Apricots
are in season. Budapest is overflowing with apricots. The
metro car smelled like apricots this morning as people
boarded with huge baskets of them just purchased in the
markets and destined for jam-making at home or just
picked and destined for sale in the metro stations.
Marti's family already had a big jam-making session and
and I have a jar of it in the fridge. It's great on
multigrain toast. At the Botanical Department, one of
István's colleagues stopped by to give him a box
of organically grown apricots from a supply given to her
as a gift. Can there be too many apricots?
In Budakeszi, those small yellow
plums are ripe. They're smaller than I remember them from
1999. Agi confirms that they're smaller than last year
because of the drought. That cold front is coming through
any minute now to bring rain. Any minute.
Much
to my surprise, Li Aili is here. Either Zsolt didn't tell
me she was doing another fellowship stint making
illustrations at Budakeszi or else it slipped my mind.

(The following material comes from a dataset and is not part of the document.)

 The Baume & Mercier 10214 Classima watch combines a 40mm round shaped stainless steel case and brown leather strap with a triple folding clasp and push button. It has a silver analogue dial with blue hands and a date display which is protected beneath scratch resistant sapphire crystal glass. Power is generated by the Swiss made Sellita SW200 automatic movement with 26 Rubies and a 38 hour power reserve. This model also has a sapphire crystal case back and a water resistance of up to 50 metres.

Her English is vastly improved since I last saw her in
Beijing. Her illustrations are fabulous. She was working
on drawing a cone that looks sort of like a rose or an
artichoke or maybe both - very unusual cone morphology.

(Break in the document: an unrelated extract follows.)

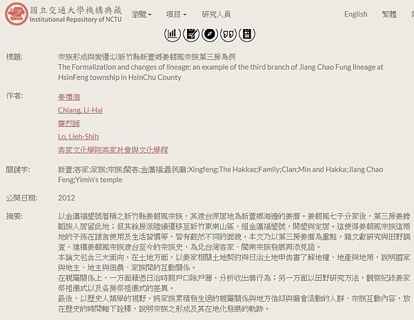 國立交通大學機構典藏:宗族形成與變遷:以新竹縣新豐鄉姜朝鳳宗族第三房為例 - https://goo.gl/jCMndh

Zsolt joked that she was drawing a rose for my arrival.
Ha!
Agi showed me around the place
while Zsolt and István worked on the grant
application. The central portion of the planned star
shaped greenhouse is built, the arboretum is planted in
part, and the collection is finally stored in appropriate
boxes, labeled, and arranged alphabetically. Several
tables are setup in the long upstairs hallway for the
illustrators to work on. You can see the central
greenhouse from the hallway. It's starting to look like a
real "institute". Agi has a made a scrapbook of photos of
the place in various stages. I should send her some
pictures of when we moved in back in '99. Egad, have I
known these guys that long?
Finally
we got a chance to show Zsolt the book design and attempt
to get review comments over coffee and biscuits. Then I
tried to find out why Aili's copy of Photoshop wouldn't
run on the PC in the office. The ancient PC only has 128
MB of memory!
I got the team to pose in front of
"the white house" for a group photo and then checked on
the viburnum we planted in 1999 to sort of dedicate the
place. The main shoot seems to have died off but there's
a lot of new shoots coming up.
I brought home a small cupful of
the yellow plums to have with breakfast tomorrow. They
are very sweet.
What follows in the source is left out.